I called Fred (Peri Peri Radio) on the cell phone to find out the 4 meg SSB frequency (4435) for Capetown Radio. I wasn't having any luck reaching them on 6 megs. Fred suggested calling on VHF 16 to reach them. The South African coast is dotted with VHF relay stations. The only trouble is, as you move along the coast, the channels broadcasting the weather change and there are more then 10 channels to chose from. Because they only broadcast the weather forecast twice a day (1015UTC/1615UTC) and the area we were concerned with took up less than 30 seconds of the broadcast, I didn't want to miss it searching for the correct channel. We are certainly lucky in the US, where the weather is broadcast continuously on only 1 channel. After several minutes of calling, Capetown Radio responded on VHF 16. They told me to listen on channel 86.

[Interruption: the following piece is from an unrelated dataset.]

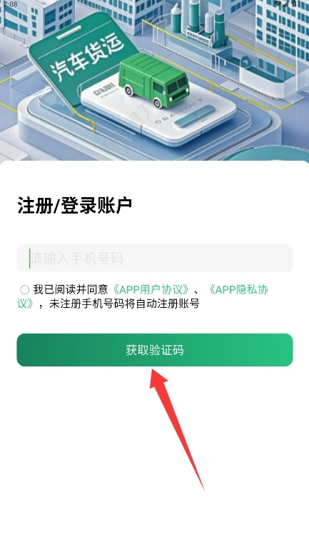 2、输入手机号码,勾选同意相关协议后点击获取验证码并输入完成注册登录。

The forecast was a bit confusing "Cape Agulhas to East London, south-westerly 15 knots in the east, but south-easterly 15knots in the west." Were we in the east or west? We were certainly closer to Cape Agulhas then East London, but we had south-westerlies building above 15 knots and no apparent change in the sky for a change in the wind. We also overheard, on the VHF, that the catamaran had turned back. He had called Easy Rider Radio on his cell phone and confirmed the strong NW on Thursday midnight at Capetown. We did a 180 degree turn and put up all our sail. After 8 hours of bashing into head winds and seas under power, it was a relief. This is what sailing is supposed to be. Wind at your back and the knot log ticking off the miles at 7 knots. It wasn't that hard to decide to turn around. We both enjoyed Mossel Bay. We arrived back at our berth at 4:30 PM. Amy was afraid someone might have taken our spot! Now we will wait until the next window. We won't be leaving until the wind actually changes to our favor. No more motoring into a head wind and hoping things will get better. Of the five boats that left, three turned around.
"Wildflower" and "Paloma" made it to Capetown before midnight on Thursday. "Wildflower" had an eight hour head start and "Paloma" had headed further off shore at the start, so was able to catch a fair current and make 5 knots over the bottom. We will be doing the same the next time we leave.

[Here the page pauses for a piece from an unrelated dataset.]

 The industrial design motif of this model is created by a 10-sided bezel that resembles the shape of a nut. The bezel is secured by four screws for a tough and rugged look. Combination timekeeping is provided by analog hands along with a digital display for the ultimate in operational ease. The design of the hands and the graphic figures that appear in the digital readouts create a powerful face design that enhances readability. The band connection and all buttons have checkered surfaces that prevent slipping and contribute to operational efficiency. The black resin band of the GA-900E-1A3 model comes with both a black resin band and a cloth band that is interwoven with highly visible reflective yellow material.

There was some excitement later in the week. Our friend Isi, a single-hander from Spain, was entering the harbor and having some problems. His roller furling jib, or should I say what was left of it, was blown to shreads. Not unlike the bits of sail you see on paintings of sailing ships wrecked on some forlorn and rocky shore. Amy and I "borrowed" an outboard dinghy from the "Shark" and motored out to help. Isi was trying to anchor so he could get his jib under control. There was enough sail remaining to make maneuvering impossible. The wind was pushing his bow around with every gust. I should also mention that is was gusting 20 knots from the south-west. (The wind never did come in our favor to get around Agulhas!) About halfway out, our outboard quit. In my haste to assist Isi, I had forgotten to open the tank vent and turn on the fuel. Duh! We rowed out the remaining 100 yards. By this time there was quite a crowd on the waterfront, watching the spectacle and possible disaster of Isi being blown onto the concrete jetty. Amy rowed the dinghy back to the dock, while I helped Isi. Single-handers have their work cut out for them when they get to port. As was the case with Isi, they don't get much sleep, so entering a harbor is a bit taxing. Isi hadn't slept for 36 hours.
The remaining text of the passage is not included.